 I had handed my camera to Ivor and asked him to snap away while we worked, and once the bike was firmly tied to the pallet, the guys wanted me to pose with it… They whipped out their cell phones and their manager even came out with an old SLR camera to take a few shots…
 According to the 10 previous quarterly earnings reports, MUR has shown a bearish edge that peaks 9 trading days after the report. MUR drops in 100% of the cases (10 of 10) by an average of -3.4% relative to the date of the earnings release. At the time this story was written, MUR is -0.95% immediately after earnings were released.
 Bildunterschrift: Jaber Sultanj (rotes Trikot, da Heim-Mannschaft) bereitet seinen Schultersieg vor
• • • • • • •
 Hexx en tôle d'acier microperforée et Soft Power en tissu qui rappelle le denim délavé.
• • • • • • •
● TASK INSTRUCTIONS
Copy back the listing above exactly, but only from the line with "I had handed" through the line with "Bildunterschrift: Jaber Sultanj", both ends included.

● RESPONSE BOX
 I had handed my camera to Ivor and asked him to snap away while we worked, and once the bike was firmly tied to the pallet, the guys wanted me to pose with it… They whipped out their cell phones and their manager even came out with an old SLR camera to take a few shots…
 According to the 10 previous quarterly earnings reports, MUR has shown a bearish edge that peaks 9 trading days after the report. MUR drops in 100% of the cases (10 of 10) by an average of -3.4% relative to the date of the earnings release. At the time this story was written, MUR is -0.95% immediately after earnings were released.
 Bildunterschrift: Jaber Sultanj (rotes Trikot, da Heim-Mannschaft) bereitet seinen Schultersieg vor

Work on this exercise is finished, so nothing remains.